Data items

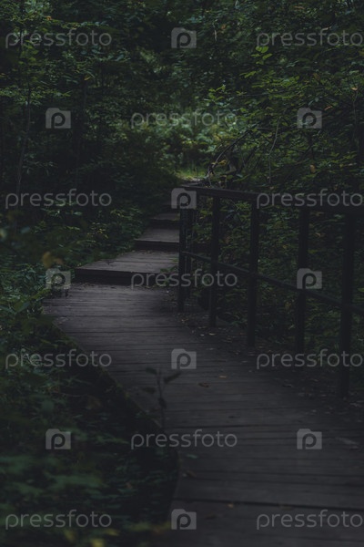 Деревянная набережная через пышный, тенистый лес
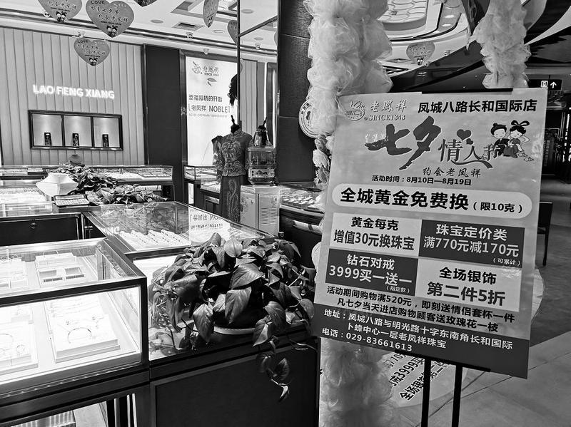 8月11日中午正逢周末,記者來(lái)到人氣極高的小寨賽格,在珠寶黃金專柜,發(fā)現(xiàn)很多珠寶品牌都趁機(jī)推出七夕活動(dòng),不少消費(fèi)者正在詢價(jià)。今年27歲的趙女士說(shuō),她和男友剛剛訂婚,準(zhǔn)備看看首飾,為婚禮準(zhǔn)備,這段時(shí)間恰好遇到七夕節(jié)活動(dòng),如果優(yōu)惠合適的話,她們就打算購(gòu)買(mǎi)了。
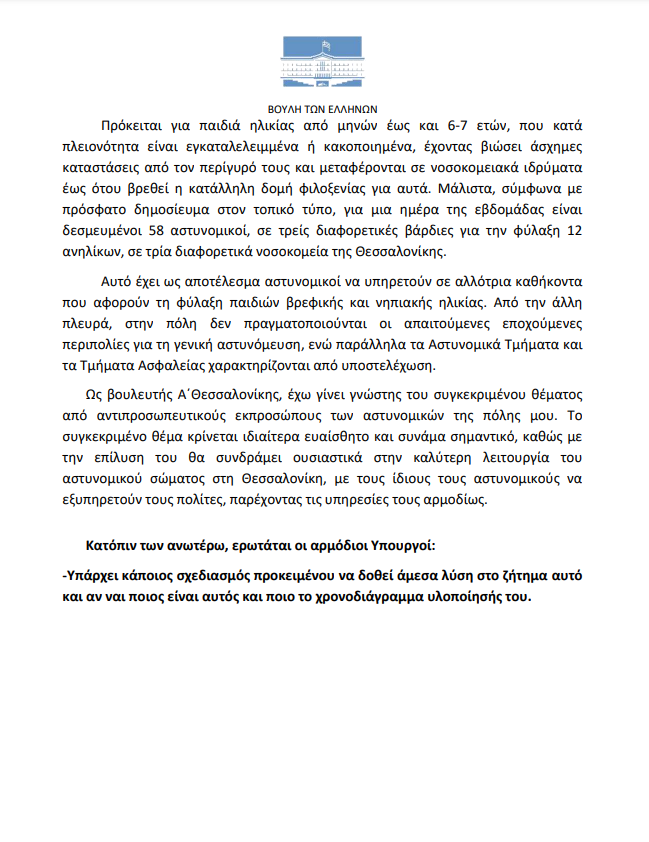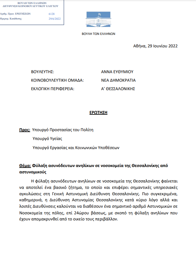 Η Άννα Ευθυμίου, βουλευτής Α΄ Θεσσαλονίκης, κατέθεσε ερώτηση στη Βουλή αναφορικά με τα ασυνόδευτα ανήλικα στα νοσοκομεία της Θεσσαλονίκης.
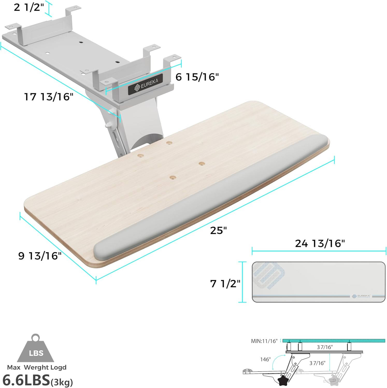 - Durable Support & Stable Mechanism: The one-piece swivel keyboard tray is designed with a stable mechanical structure made of durable materials. With a weight capacity of 6.6 LBS, the keyboard platform tray holds the keyboard and mouse firmly in place and can provide smooth support for typing/gaming. The ergonomic keyboard tray comes with a detailed manual for easy installation and use.
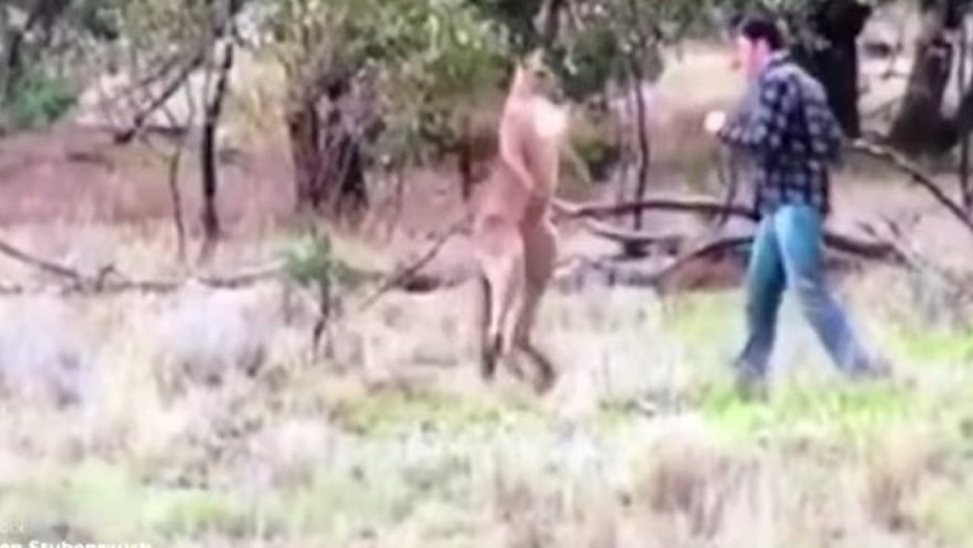 El canguro se queda parado y observa atónito la situación. Finalmente, pasados unos segundos, da media vuelta y se va.
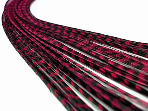 Details: This listing is for 10 individual premium quality genetic rooster hair extension feathers. Each of these claret feathers range from 7-11 inches. Sometimes longer. They can be as fine as 1mm - 2mm. These are long narrow rooster feathers that are soft and flexible. That is the reason why people use them on their hair.Similar to our Solid Pink, the Solid Claret offers a more sophisticated and deeper pink color. When the Hot Pink is a little too bright, this is the way to go! These claret feathers will blend well with other warm colors like red, orange, yellow and gold. These genetic rooster feathers are special breed of US for a very niche market. That is why they are rare and are perfect as feather hair extensions. Other uses include jewelry making, arts and crafts, party decorations and fly tying. You can wash, blow, dry and curl them. Put them in your hair and they will last for weeks with proper care!These claret feathers vary widely in shape and size and all feathers are in good condition. Some ends might not be perfect but you can easily trim them with scissors.Wholesale and bulk purchase of the long rooster hair extension feathers is available upon request.
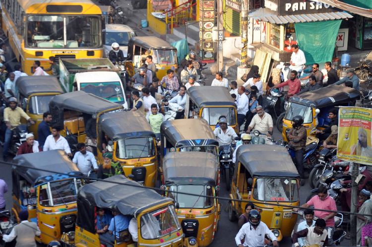 Huge traffic jam was witnessed on Darusshifa To Miralam Mandi Road with Traffic Police diverting all heavy vehicles from Chanchalguda in view of rectification works of power cables in Malakpet - INN Photos
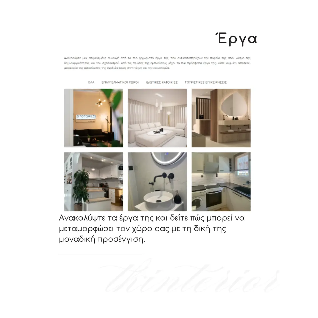 Ανακαλύψτε πως η δημιουργικότητά της μπορεί να μεταμορφώσει το χώρο σας σε ένα μοναδικό και βιώσιμο περιβάλλον, με τη στήριξη ενός ισχυρού διαδικτυακού προφίλ που αναδεικνύει τη δουλειά της.
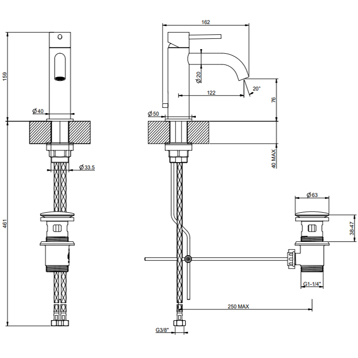 Смеситель Gessi Gessi316 54001#727 для раковины с донным клапаном, латунь браш pvd
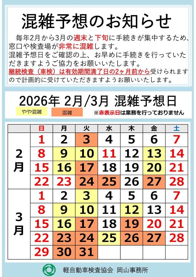 県道162号線(旧:国道2号線)を倉敷方面に、<久米>交差点を右折し、すぐに左側の側道へ進入、<軽自動車検査場左へ進行>の誘導案内により左折して100mのところ。
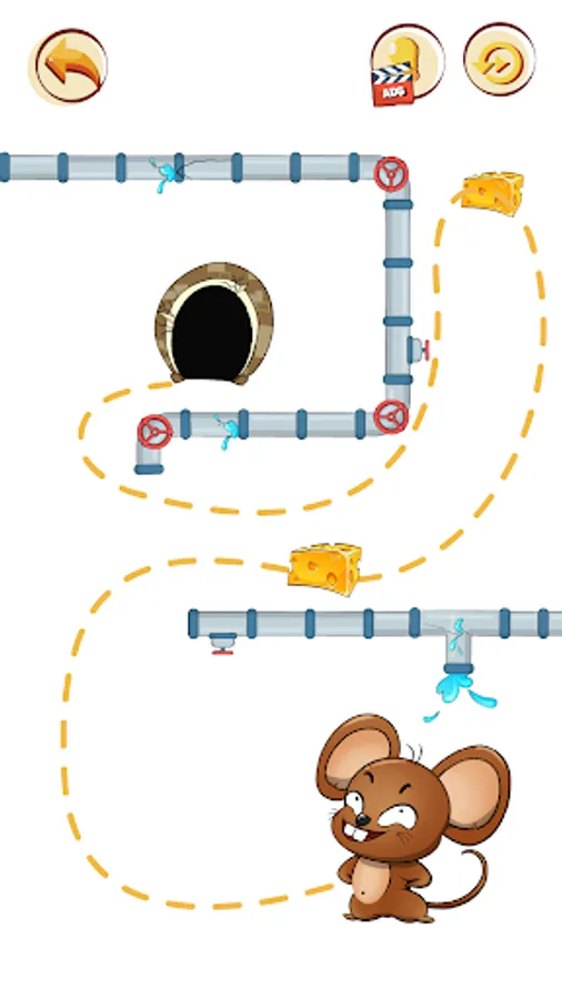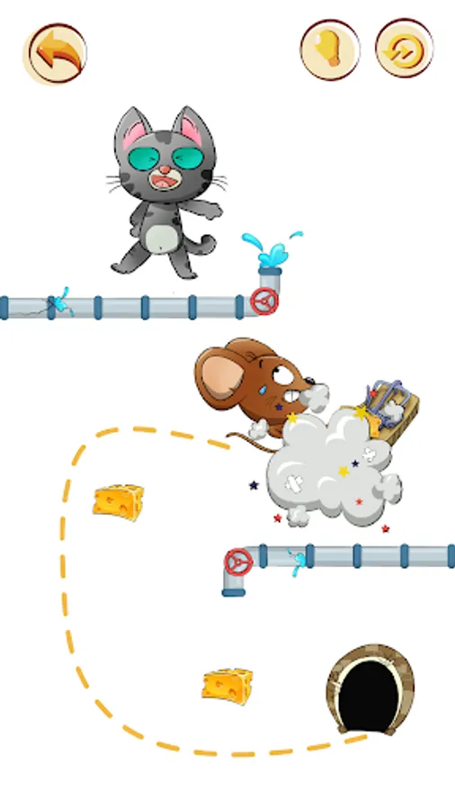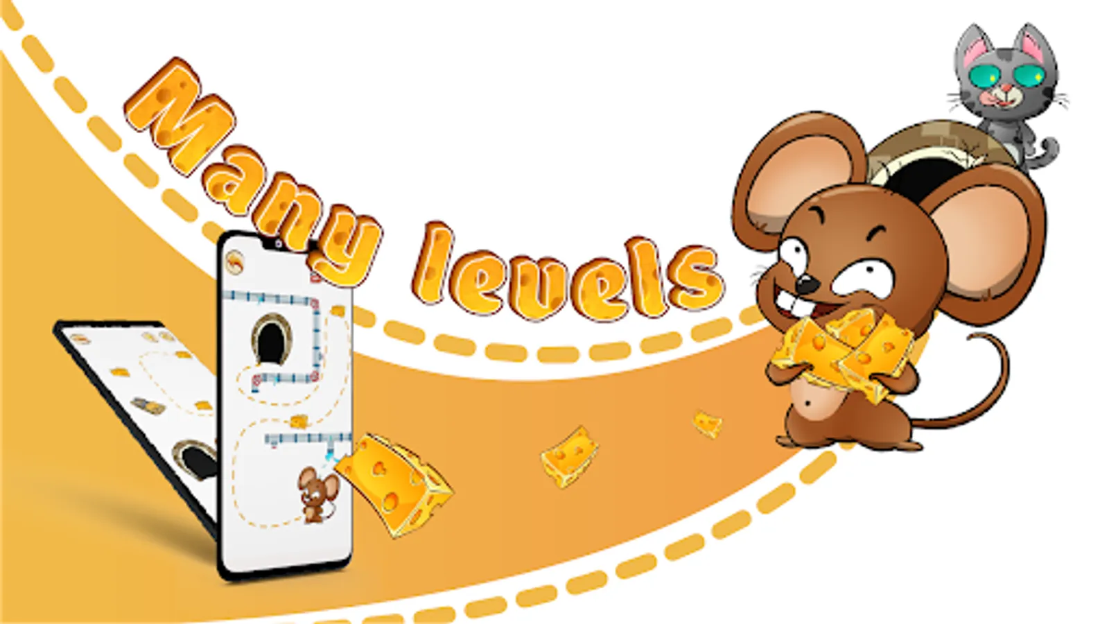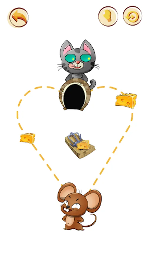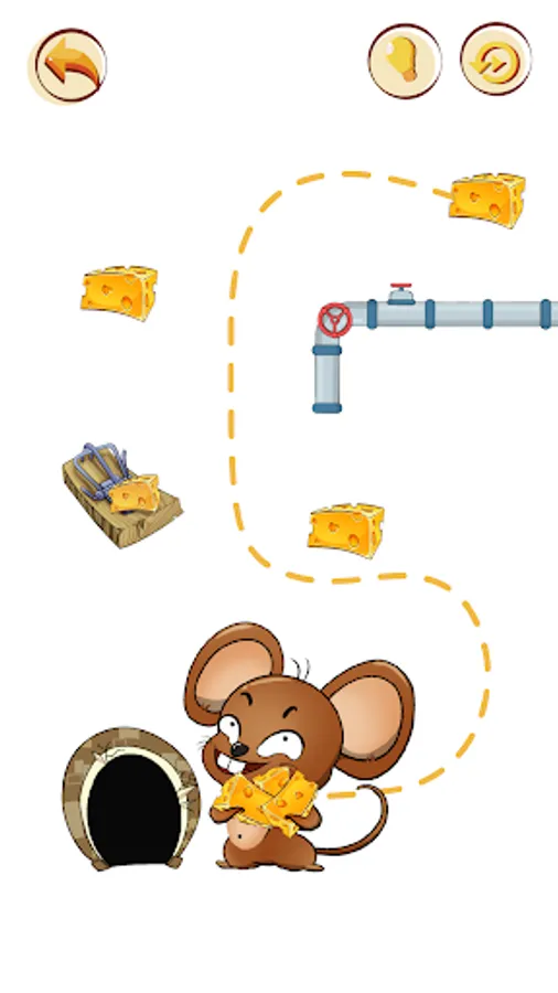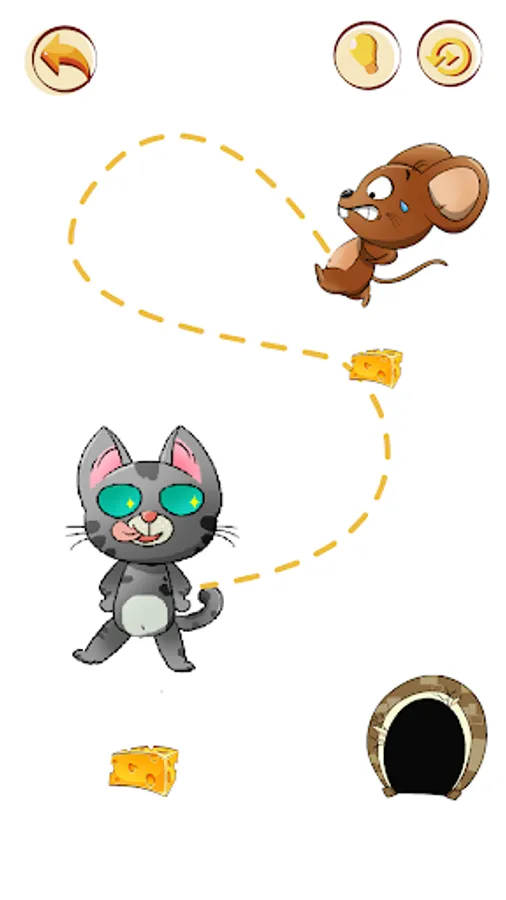 In Mouse Rush: your task is to help the mouse get the cheese and escape the cat's pursuit to return to the cave safely. Draw a line to connect the mouse to the cheese and return to the cave.

• [ACTIVITY]: Your job is to transcribe the entries above exactly; skip the pictures.

• [SOLUTION]:
 Деревянная набережная через пышный, тенистый лес
 8月11日中午正逢周末,記者來(lái)到人氣極高的小寨賽格,在珠寶黃金專柜,發(fā)現(xiàn)很多珠寶品牌都趁機(jī)推出七夕活動(dòng),不少消費(fèi)者正在詢價(jià)。今年27歲的趙女士說(shuō),她和男友剛剛訂婚,準(zhǔn)備看看首飾,為婚禮準(zhǔn)備,這段時(shí)間恰好遇到七夕節(jié)活動(dòng),如果優(yōu)惠合適的話,她們就打算購(gòu)買(mǎi)了。
 Η Άννα Ευθυμίου, βουλευτής Α΄ Θεσσαλονίκης, κατέθεσε ερώτηση στη Βουλή αναφορικά με τα ασυνόδευτα ανήλικα στα νοσοκομεία της Θεσσαλονίκης.
 - Durable Support & Stable Mechanism: The one-piece swivel keyboard tray is designed with a stable mechanical structure made of durable materials. With a weight capacity of 6.6 LBS, the keyboard platform tray holds the keyboard and mouse firmly in place and can provide smooth support for typing/gaming. The ergonomic keyboard tray comes with a detailed manual for easy installation and use.
 El canguro se queda parado y observa atónito la situación. Finalmente, pasados unos segundos, da media vuelta y se va.
 Details: This listing is for 10 individual premium quality genetic rooster hair extension feathers. Each of these claret feathers range from 7-11 inches. Sometimes longer. They can be as fine as 1mm - 2mm. These are long narrow rooster feathers that are soft and flexible. That is the reason why people use them on their hair.Similar to our Solid Pink, the Solid Claret offers a more sophisticated and deeper pink color. When the Hot Pink is a little too bright, this is the way to go! These claret feathers will blend well with other warm colors like red, orange, yellow and gold. These genetic rooster feathers are special breed of US for a very niche market. That is why they are rare and are perfect as feather hair extensions. Other uses include jewelry making, arts and crafts, party decorations and fly tying. You can wash, blow, dry and curl them. Put them in your hair and they will last for weeks with proper care!These claret feathers vary widely in shape and size and all feathers are in good condition. Some ends might not be perfect but you can easily trim them with scissors.Wholesale and bulk purchase of the long rooster hair extension feathers is available upon request.
 Huge traffic jam was witnessed on Darusshifa To Miralam Mandi Road with Traffic Police diverting all heavy vehicles from Chanchalguda in view of rectification works of power cables in Malakpet - INN Photos
 Ανακαλύψτε πως η δημιουργικότητά της μπορεί να μεταμορφώσει το χώρο σας σε ένα μοναδικό και βιώσιμο περιβάλλον, με τη στήριξη ενός ισχυρού διαδικτυακού προφίλ που αναδεικνύει τη δουλειά της.
 Смеситель Gessi Gessi316 54001#727 для раковины с донным клапаном, латунь браш pvd
 県道162号線(旧:国道2号線)を倉敷方面に、<久米>交差点を右折し、すぐに左側の側道へ進入、<軽自動車検査場左へ進行>の誘導案内により左折して100mのところ。
 In Mouse Rush: your task is to help the mouse get the cheese and escape the cat's pursuit to return to the cave safely. Draw a line to connect the mouse to the cheese and return to the cave.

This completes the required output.